Part 3 · Chapter 15

Heights & Distances

Trigonometry steps outside — measuring towers, cliffs and ships you can see but cannot reach, using only angles

Fundamentals of Mathematics Prof. Mithun Mondal Reading time ≈ 36 min

i What you'll learn

The precise meaning of the angle of elevation and the angle of depression.
How a single right triangle turns one angle and one length into an unknown height or distance.
The two-observation method and the standard formula \(h=\dfrac{d}{\cot\alpha-\cot\beta}\).
Handling an object between two stations, on opposite sides.
Using the sine and cosine rules when the triangle is not right-angled.
Reading and using compass bearings in navigation problems.

Section 15-1

Angles of Elevation & Depression

When you look at an object, the line of sight is the straight line from your eye to it. The angle of elevation is the angle this line makes above the horizontal; the angle of depression is the angle it makes below the horizontal.

Angle of elevation \(\alpha\) — looking up

Depression from the top \(=\) elevation from below (alternate angles)

The alternate-angle shortcut. Because the two horizontals are parallel, the angle of depression of a point from an observer always equals the angle of elevation of the observer from that point. Re-drawing a depression as an elevation often makes the right triangle obvious.

Section 15-2

The Right-Triangle Toolkit

Almost every problem reduces to a right triangle whose vertical leg is a height, horizontal leg a distance, and acute angle an elevation or depression.
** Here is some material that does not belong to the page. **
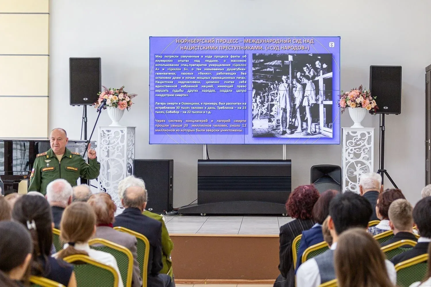 Перед началом лекции к студентам обратилась проректор по молодёжной политике УрГУПС Елена Романова, а руководитель штаба свердловского отделения Бессмертного полка России Сергей Боровиков отметил: «Сегодня, когда предпринимаются попытки переписать историю, обесценить подвиг нашего народа, такие лекции приобретают особое значение. Мы обязаны передать правду о войне молодому поколению. Правду о том, какой ценой досталась Победа, о зверствах нацистов на нашей земле. «Бессмертный полк» — это не просто акция, это наша память, наша боль, наша гордость. И пока мы помним — мы непобедимы».
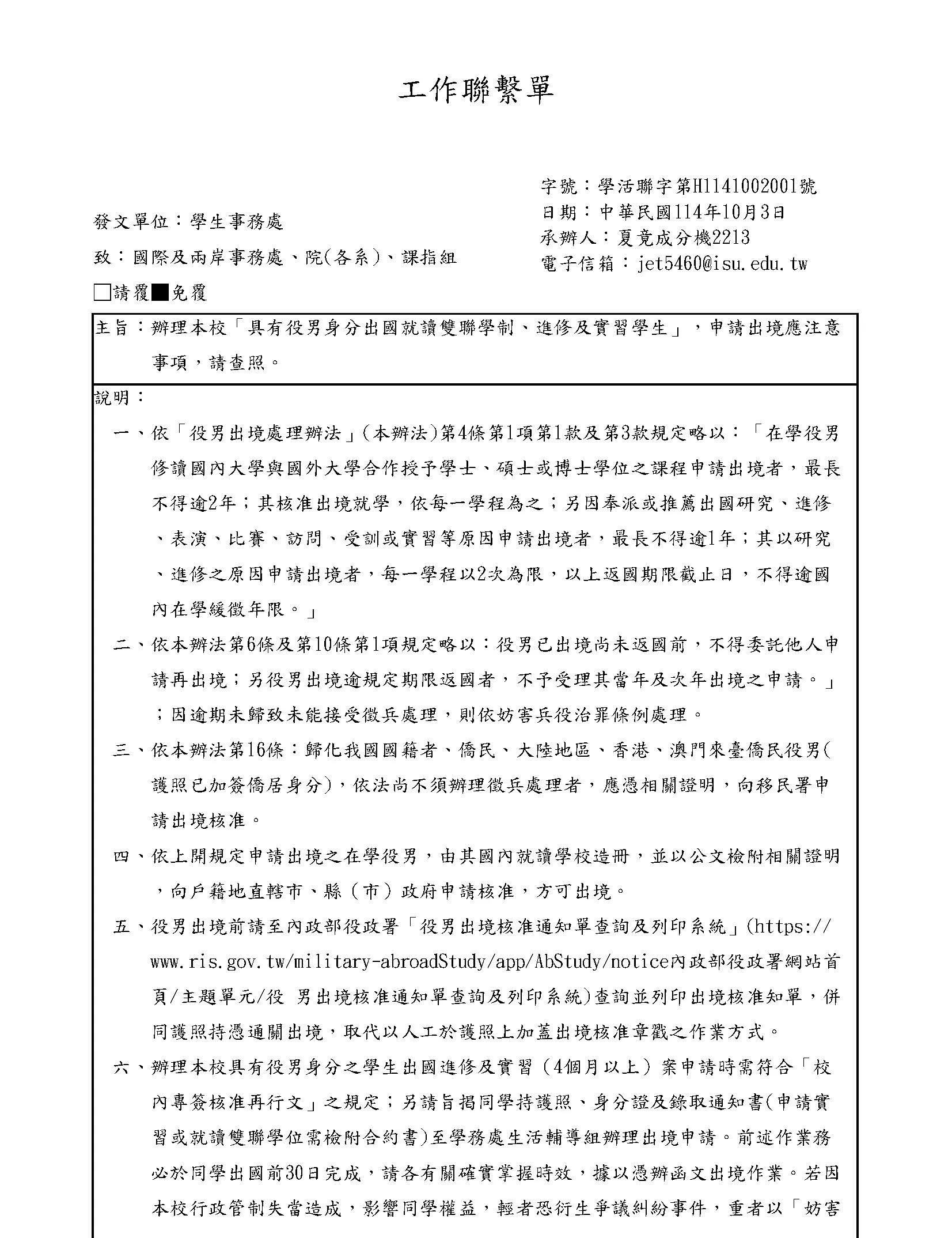 辦理本校「具有役男身分出國就讀雙聯學制、進修及實習學生」申請出境應注意事項

Three ratios do all the work.

📐

The working relations

\(\tan\theta=\dfrac{\text{height}}{\text{distance}},\quad \sin\theta=\dfrac{\text{height}}{\text{line of sight}},\quad \cos\theta=\dfrac{\text{distance}}{\text{line of sight}}\)

For a tower of height \(h\) seen at elevation \(\theta\) from distance \(d\), the master relation is simply \(h=d\tan\theta\), equivalently \(d=h\cot\theta\).

! Mind the observer's height

If the observation is made from eye level or from the top of a building, the measured triangle sits above the ground. Add the observer's height back at the end, and always draw the horizontal through the eye, not through the feet.

Section 15-3

A Single Observation

The simplest case: one known distance, one measured angle, one unknown. Identify the right triangle, pick the ratio that links what you know to what you want, and solve.

▸ The pattern

A tower seen at elevation \(30^{\circ}\) from a point \(30\text{ m}\) away has height \(h=30\tan30^{\circ}=10\sqrt3\text{ m}\). One ratio, one line of working.

Section 15-4

Two Points on a Straight Line

When the height and the distance are both unknown, a second observation supplies the extra equation. The observer walks a measured distance \(d\) straight toward the tower; the elevation grows from \(\alpha\) to \(\beta\).

From \(A\) and \(B\) (with \(AB=d\)) the elevations are \(\alpha\) and \(\beta\); since \(AB=h\cot\alpha-h\cot\beta\)

📏

The two-observation height

\(h=\dfrac{d}{\cot\alpha-\cot\beta}=\dfrac{d\,\tan\alpha\tan\beta}{\tan\beta-\tan\alpha}\)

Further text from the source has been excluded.